By Anita Kobylinska and Anna Koper
WARSAW (Reuters) – For Beata Zalewska-Stefaniak, it didn’t feel right to be sitting comfortably at home in Warsaw while migrants were going hungry in freezing forests some 200 km (140 miles) to the east on Poland’s border with Belarus.
So she decided to start “Soups for the Border”, a campaign to prepare thousands of jars of homemade soup, in what she jokingly refers to as “forest catering” for migrants.
“It’s a grassroots initiative of people like me who were conscious of sitting in their warm homes and being unable to do anything to help,” Zalewska-Stefaniak, 57, told Reuters.
Thousands of migrants, mostly Iraqis, have been trying for weeks to cross the border into the European Union but have been pushed back by Polish security forces. Around 10 migrants are believed to have died.
Poland and the EU accuse Belarus of encouraging the migrants to cross in revenge for EU sanctions imposed on Minsk over human rights abuses. Minsk denies the charge.
The first 600 jars of soup were prepared and shipped in late October from Warsaw to the Podlaskie region near the border.

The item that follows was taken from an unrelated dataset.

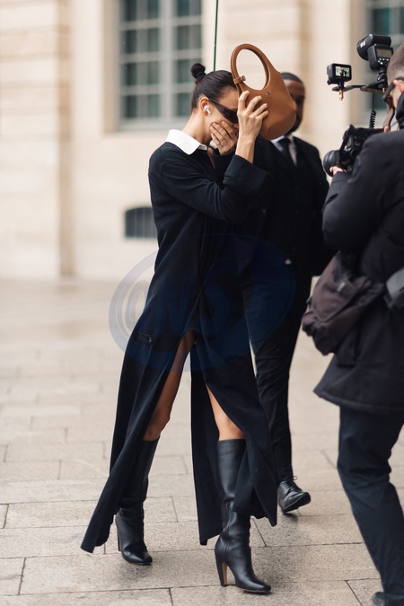 Exclusif - Irina Shayk ne veut pas être photographiée à son arrivée pour défiler pour Schiaparelli lors de la mode femme automne / hiver 2024-2025 lors de la Fashion Week de Paris (PFW) au Pavillon Vendôme

Volunteers have now distributed about 4,000 litres of soup to the migrants and to people from non-governmental organisations (NGOs) trying to help them.
‘MESSAGE OF HUMANITY’
The soups, made from beetroot, lentils, zucchini and other ingredients, are prepared by families, scouts and others.
The Facebook group which helps to organise the initiative has grown to more than 1,800 people, increasing the diversity of the food available.
At first, all the soups were vegetarian, with the aim of making them easy to digest but still filling. Volunteers now also prepare freshly baked bread, meat dishes, and special lunches for small children.
They try to respect the dietary requirements of the mostly Muslim migrants, for example by leaving pork off the menu, said Zalewska-Stefaniak, who works as an English translator and mindfulness coach.
She said she wanted to show that ordinary Poles are keen to help, despite big cultural differences with the migrants.
“This is beyond politics, beyond all divisions. The hungry should be fed, (it is) a basic message not only of Christianity, but of humanity,” Zalewska-Stefaniak said.